The "ChatGPT Health Will Kill You" Study
LLMs can't triage, for the millionth time.
Here’s the information graphic for this study making the rounds:
Pretty simple sample of clinical vignettes being fed into the brand-new ChatGPT Health, asking the LLM to spit out a deterministic care destination. Over-triage is common to both humans and LLMs and is not terribly worrying, but the key concern is the under-triage: over half of patients with time-sensitive morbidity were not referred to immediate medical care.

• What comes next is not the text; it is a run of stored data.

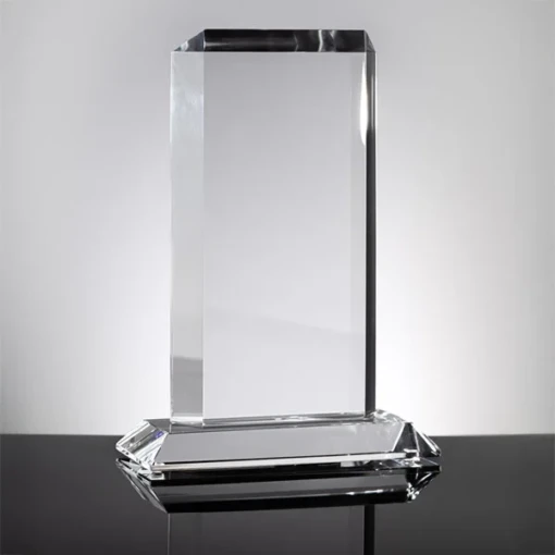 The Phoenix Tower Award features opposing steep bevels. This large vertical award has a very large engraving area and is an excellent choice for large logos and also when plenty of text is required. It is manufactured from premium quality K9 Clear Optic Crystal and comes packaged in a premium quality black presentation box. Available in two sizes. 5″ L x 3″ W x 8″ H
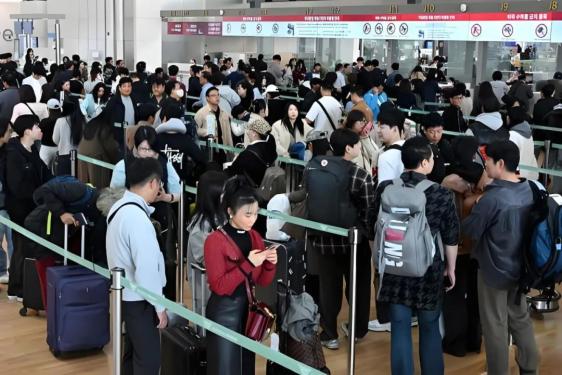 仁川机场挤满排队赴中国的游客。韩国人用实际行动证明了,与其在社交平台高唱反调,不如亲自去中国一探究竟。
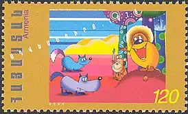 ![]() Почтовая марка с фрагментом из мультипликационного фильма «Лисья книга» | |
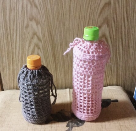 ペットボトルカバーをかぎ針編みで作りました。「輪を作って底の部分から、編み始めます」「鎖3目で立ち上がり…」。説明を聞き、編み図を見ながら、セッセと編み進みました。途中、おしゃべりの花が咲き賑やかでした。でも、難聴者はおしゃべりが聞こえないので、文字を読むこと、口元を読むことに集中してしまい、手が止まってしまうのです。『ながら族』だった私たちも、今は『編みながらおしゃべりすること』ができなくなりました。
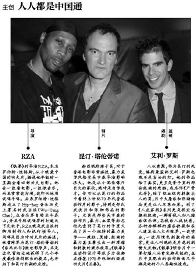 《铁拳》(The Man with the Iron Fists)日前放出首款预告片,全世界再次将目光投向了遥远的东方国度,这部投资2000万美元的好莱坞电影曾在上海和浙江横店影视城拍摄。元奎担任武术指导,更有刘玉玲和吴彦祖等一众中国面孔,除了场景上尽显中国风元素,在中国功夫上同样血统纯正。故事发生在十九世纪的中国封建王朝,一个给自己打了副“铁手套”的黑人铁匠,为了捍卫自己和村民们的自由,从此打遍天下。剧组的幕后班底大部分都是中国的工作人员,其实影片的导演RZA和制片人昆汀·塔伦蒂诺也都是十足的中国通。他们都是上世纪70年代邵氏武侠片的铁杆粉丝,特别是张彻电影中那个血浆狂洒的重口味江湖。
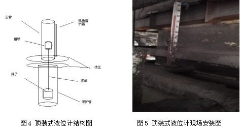 此液位計(jì)特點(diǎn)①測(cè)量范圍大,不受容器高度限制;②顯示器組件與被測(cè)介質(zhì)完全隔離,故密封性好可靠安全;③結(jié)構(gòu)簡(jiǎn)單,安裝方便,維修簡(jiǎn)易;④價(jià)格低廉。通過(guò)與制造商進(jìn)行溝通,將液位計(jì)(如圖5)的保護(hù)管和浮球設(shè)計(jì)為耐腐蝕材料。在安裝過(guò)程中我們根據(jù)頂裝式磁性浮子液位計(jì)的安裝要求進(jìn)行安裝。
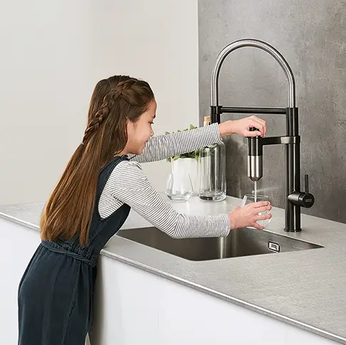 Dzięki baterii kuchennej Vital Semi-Pro zapomnisz o wodzie w plastikowych butelkach. Przedstawiamy kapsułkowy system FRANKE VITAL, który umożliwi Ci w wyjątkowo prosty sposób oczyścić wodę szybciej niż kiedykolwiek wcześniej.
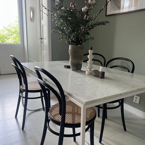 Säljer matbord Bermuda, formgivet av Thomas Eriksson för ASPLUND Collection. Bordskivan i Carrara marmor och benen är i lackad metall vit. År 2006 fick bordet "Red dot design award" och 2007 utsåg Elle Decoration Bermuda till vinnare av Årets möbel. Bordet har ett par mindre nagg och märken i stenen, men på hela taget fint skick. Nypris 50 000 kr. Obs att det krävs fraktfirma som kan flytta sten.
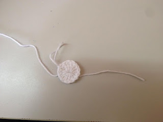 Agora é só puxar esse fiozinho aí do círculo e preenchê-los com os pontos altos faltantes, depois feche com um ponto baixíssimo na 3ª correntinha do primeiro ponto de base, e prontchenho!!!
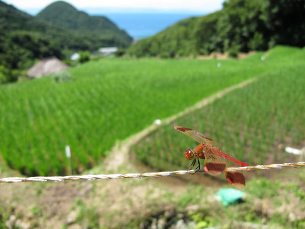 - 今日も暑い一日となりました。 石部棚田では、ミヤマアカネが風に乗り、棚田を飛び交っています。
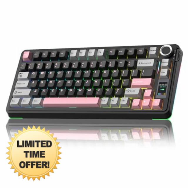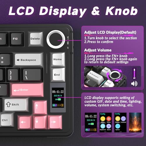 LCD Screen and Multi-Function Knob:This 75% mechanical keyboard equipped with built-in TFT display and Multi-function knob, serving as your interactive interface for real-time updates and customization.Convenient operation language selection, system switching, volume adjustment, time and date settings, RGB backlight settings, and battery power display. GIFs can also be customised via the driver. Make this wireless gaming keyboard even more fun and truly personalised

It’s not quite as bad as folks are making it out:
Everyone who was “missed” was referred to urgent care within 24-48 hours, so it’s still better than throwing darts at the carnival.
However, there are a couple major issues:
It’s an LLM. It’s not thinking, it’s not reasoning, it’s not rationalizing – it’s spitting out tokens based on probability distributions from patterns in its training set. If the input patterns match clinically appropriate outputs, it all works out. A general health LLM is unlikely to be enriched with those sorts of connections in this sort of a triage domain.
Unsurprisingly, the under-triage got worse when provided with objective data – vital signs, lab results. Relatively normal conditions early in severe illness are falsely reassuring when matching patterns in the training set.
These results are “best case scenario”, in many ways. Once humans get in the way with transactional chatting, as compared to organized clinical vignettes, the information exchange veers further away from the “textbook” patterns in the LLM training sets. It’s possible a back-and-forth could generate better results, but it’s far more likely human interaction will generate worse.
Generating better performance in this domain likely requires a combination of structured knowledge and bespoke small language model, and no one ought to suggest these very general platforms should be applied to narrow high-consequence use cases without extensive validation.